Spaghetti Alla Chitarra With Lamb Ragu

Spaghetti alla Chitarra with Lamb Ragu is a classic dish from the Abruzzese and Molisan cuisine, known for its rich flavors and hearty ingredients.

Spaghetti Alla Chitarra With Lamb Ragu

Ingredients

  • 1 pound lamb, ground
  • 2 tablespoons olive oil
  • 1 onion, finely chopped
  • 2 cloves garlic, minced
  • 1 carrot, finely chopped
  • 1 celery stalk, finely chopped
  • 1 cup red wine
  • 1 can (14 oz) crushed tomatoes
  • 1 teaspoon dried oregano
  • Salt and pepper to taste
  • 12 oz spaghetti alla chitarra
  • Grated Pecorino cheese for serving

Instructions

  1. In a large pot, heat the olive oil over medium heat. Add the ground lamb and cook until browned, breaking it up with a spoon.
  2. Add the onion, garlic, carrot, and celery. Cook until the vegetables are soft and the lamb is well browned.
  3. Pour in the red wine and let it simmer until it has reduced by half.
  4. Add the crushed tomatoes, dried oregano, salt, and pepper. Stir well and let the ragu simmer for 1.5 hours, stirring occasionally.
  5. While the ragu is simmering, cook the spaghetti alla chitarra according to the package instructions.

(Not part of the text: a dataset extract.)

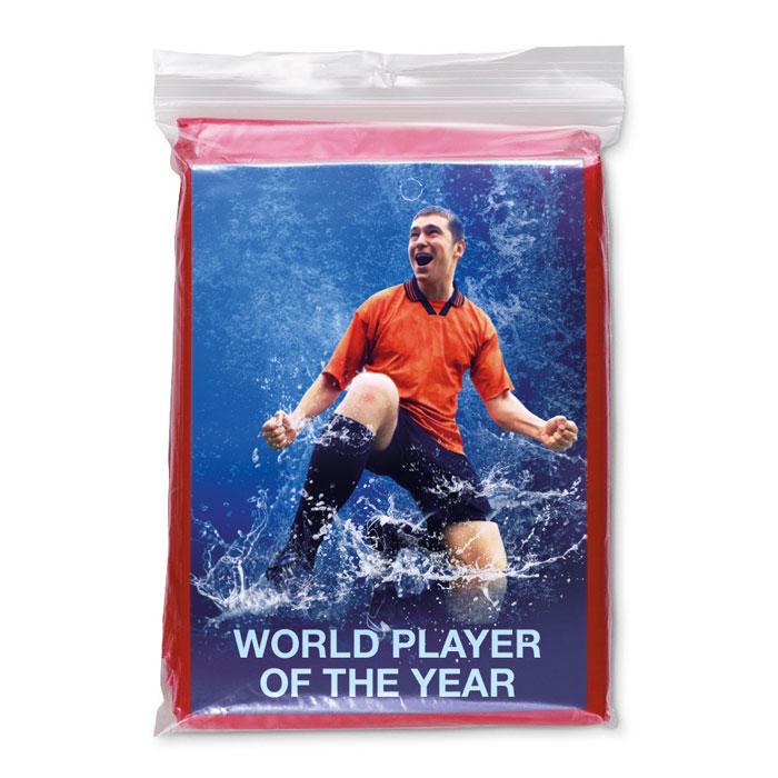 Keep your recipients dry and your brand visible with this compact foldable raincoat. This lightweight plastic poncho features an attached hood for full coverage and folds neatly into a transparent polybag for easy portability.

Drain and set aside.
  6. Toss the cooked spaghetti with the lamb ragu. Serve hot, topped with grated Pecorino cheese.

Cooking & Preparation

Preparation time:
20 minutes
Cooking time:
2 hours
Total time:
2 hours
Cooking method
Stovetop

Nutritional facts per 1 serving

Calories
450 per serving
Carbohydrates
40g
Protein
25g
Fat
20g

Supplies

Large pot Spoon Cutting board Knife

Tools

Pasta pot Colander

Serving suggestions

Serve the Spaghetti alla Chitarra with Lamb Ragu with a side of crusty bread and a fresh green salad.

Tips & tricks

For a richer flavor, you can add a splash of beef or chicken broth to the lamb ragu while simmering.